In my example, I will use the following variables:
char a, c; int b, d; // E2 - E4 is: a = 'e', b = 2, c = 'e', d = 4.
Arbitrary move
Where can a pawn go with an arbitrary move in chess?
One step ahead
Two steps ahead if it is standing at row 2
So, in general, a pawn at (a; b) can move to (c; d), if they stand in the same row (a == c) AND if it is one step ahead or two steps ahead for b equal to 2.
So, let's implement it:
if (a == c && (d - b == 1 || (d - b == 2 && b == 2)))
cout << "Abitrary move: YES";
} else {
cout << "Arbitrary move: NO";
}
Attack
A pawn can move with an attack if only an enemy is standing in the next row, one cell to the left or to the right:
if ((c == a + 1 || c == a - 1) && (d - b == 1))
cout << "Attack: YES";
} else {
cout << "Attack: NO";
}
Note that this solution is not working for the case which is called en passant (is it more well-known as "битое поле" or "взятие на проходе" in Russian).

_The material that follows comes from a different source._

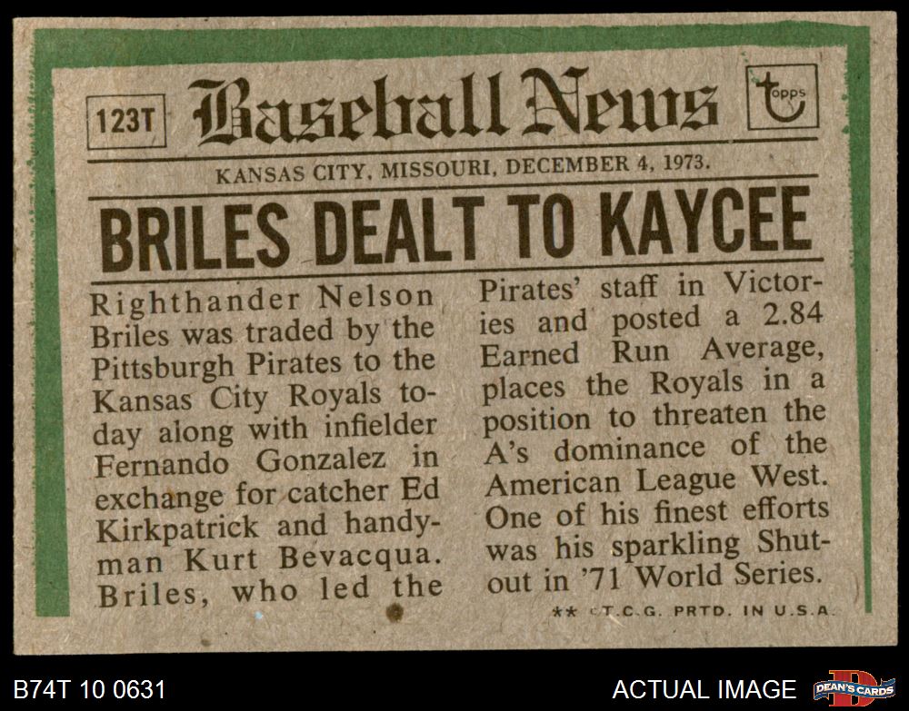 1974 Topps #123 T - Nelson Briles Traded 6 - EX/MT

This is a solution in pseudocode:
if (d == b - 1) // destination is one square up
if (c == a) // pawn is on a square in the same column as destination
return true; // yes, pawn can move forwards to destination
if (c == a - 1 || c == a + 1) // destination is one square to left or right
return true; // yes, pawn can take a white pawn to move to destination
end if
return false
First we do the check which is true for both cases... is the destination only one step in front (note that in chess pawns can also move two squares on their first turn, but you didn't request that solution so I haven't added it)?
Next we check if the move is either straight ahead, or diagonal.
You might want to check that a,b c,d are all valid chess coordinates to start with, which would prevent illegal moves being marked as ok.
Edit: also I'm assuming that the bottom of the board has a larger 'y' coordinate than the top. If the coordinates are reversed you would check for b + 1 in the first conditional.